Midday market steadies as tech outperforms; oil climbs, long bonds lag

SPY and QQQ edge higher while the Dow slips; oil extends gains on geopolitical risks and supply headlines. Higher long-end yields pressure duration and precious metals; crypto remains bifurcated with Bitcoin weak and Ether firmer.

TendieTensor.com State of Market Midday

U.S. stocks are stabilizing into the early afternoon after Thursday’s broad selloff, with leadership tilting back toward large-cap technology. At 1:30 p.m. ET, SPY prints 673.00 versus a 672.04 prior close (about +0.14%), and QQQ trades 610.05 versus 608.40 (+0.27%). The Dow proxy DIA lags at 472.66 versus 474.74 (−0.44%), while small caps via IWM improve to 237.85 from 236.79 (+0.45%). The pattern suggests a modest risk-on skew centered in tech and select cyclicals, offset by softness in some blue chips and interest-rate sensitives.

Macro backdrop: yields, inflation, and expectations
Treasury yields remain elevated at the long end. The most recent curve snapshot shows the 10-year at 4.08% and the 30-year at 4.67%, versus 3.56% on the 2-year and 3.68% on the 5-year. That re-steepened profile aligns with reports that yields rose as investors cheered the end of the government shutdown, a dynamic noted in CNBC coverage. Against that setup, long-duration bonds are under pressure midday (see TLT below), consistent with the higher long-end yield levels.

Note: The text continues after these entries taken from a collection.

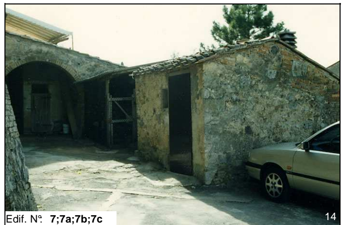
Edif. N° 7;7a;7b;7c
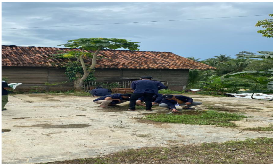
Melaksanakan Kegiatan Gotong Royong
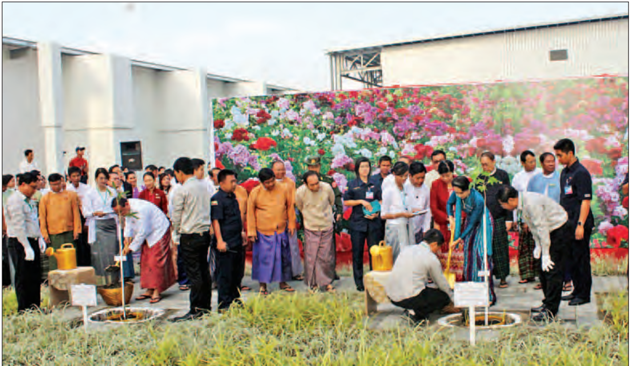
နိုင်ငံတော်၏အတိုင်ပင်ခံပုဂ္ဂိုလ် ဒေါ်အောင်ဆန်းစုကြည် ရတနာနှင့်ဆီအဆင့်မြင့်အိမ်ရာဝင်းအတွင်း ဖွင့်ပွဲအထိမ်းအမှတ်အဖြစ် မဟာလေကားပင်နှင့် ပြည်ထောင်စုဝန်ကြီး ဦးဝင်းခိုင် သရဖိုပင်တို့ စိုက်ပျိုးပေးကြစဉ်။ (သတင်းစဉ်)

ပြည်သူလူထု၏ နေရေးအဆင်ပြေမှုနှင့်ဆိုင်ရန် ဆောက်လုပ်ရေးဝန်ကြီးဌာနအနေဖြင့် ဆောက်လုပ်ရေးနှင့် အိမ်ရာဖွံ့ဖြိုးရေးဘဏ်ကို ၂၀၁၄ ခုနှစ်တွင် ထူထောင်ခဲ့ကြောင်း၊ ယခုအခါ သိန်း ၁၀၀ အောက် တန်ဖိုးနည်းအိမ်ရာများကို ပြည်သူလူထုထံသို့ ကနဦး တစ်လုံးတစ်ခဲတည်း ၃၀ ရာခိုင်နှုန်းပေးသွင်းစေပြီး ၇၀ ရာခိုင်နှုန်းကို ဆောက်လုပ်ရေးနှင့် အိမ်ရာဖွံ့ဖြိုးရေးဘဏ်နှင့် ချိတ်ဆက်၍
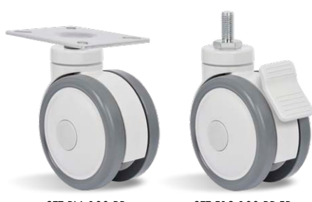
GZT PLA 100 BP GZT E12 100 BP FP
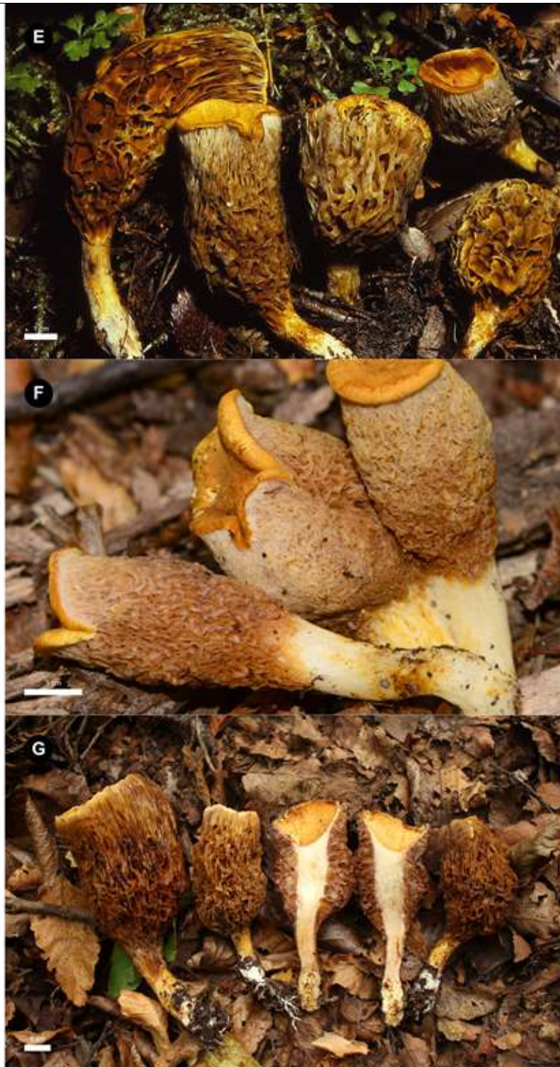
Fig. E) Detalle de basidiomas encontrados en Lago Grey; Host: N. pumilio x N. betuloides (Roy Halling, 12-III-1988). Fig. F) Detalle de basidiomas encontrados en Parque Nacional Torres del Paine; Host: N. pumilio (Damon Tighe, 06-III-2016). Fig. G) Detalle de basidiomas encontrados en Reserva Nacional Altos de Lircay; Host: N. obliqua (Christian Valdés, 29-IV-2024)..
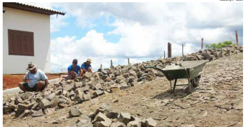
Serviços começaram a ser executados segunda-feira

A prefeitura de Guaraciaba iniciou segunda-feira, 11, as obras de pavimentação com pedras irregulares de quatro novos trechos de ruas na cidade. Serão beneficiadas as ruas Carlos Fernando Ludwig, Encantado, Olavo Bilac e Tiradentes. Ao todo, as obras que somam quase sete mil metros quadrados de área e mais de dois mil metros quadrados de calçadas terão um investimento acima dos R$ 347 mil. Até agora foram mais de 10 ruas contempladas com calçamento.
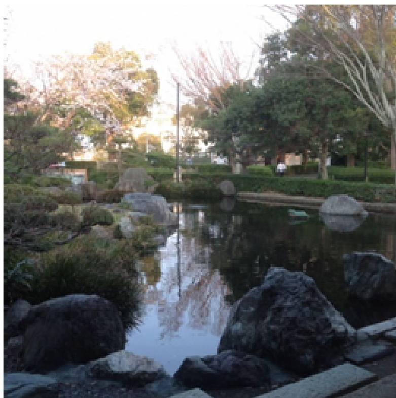
中根庭園（新居図書館）

湖西市新居町内に所在する故 中根金作 氏（昭和の小堀遠州と称えられた世界的造園家）及び中根庭園研究所が手掛けた日本庭園、緑道、花壇などの再整備と、観光案内看板の設置を実施する。また、新居関所から中根庭園、市内浜名川沿いの緑道などを巡る“まちあるき”を計画するとともに、湖西市内の花・緑を紹介するパンフレットを造成、花博会場とともに一体的な活性化を目指す。

On inflation, the latest CPI index level sits at 324.368, with core at 330.542 (September readings). While those are levels rather than change rates, market-based inflation expectations remain relatively anchored: 5-year at about 2.36%, 10-year around 2.31%, and the 5y5y forward at 2.25%. A 1-year model estimate near 2.74% reflects lingering near-term price stickiness. The combination—moderate long-run expectations with a firmer 1-year outlook—maps to a “higher for longer at the long end” narrative even if the policy path is data dependent. Uncertainty is heightened by the shutdown’s data fallout; the White House has warned October jobs and inflation reports may never be released, leaving a temporary information gap that can amplify volatility around incoming private and market-based indicators.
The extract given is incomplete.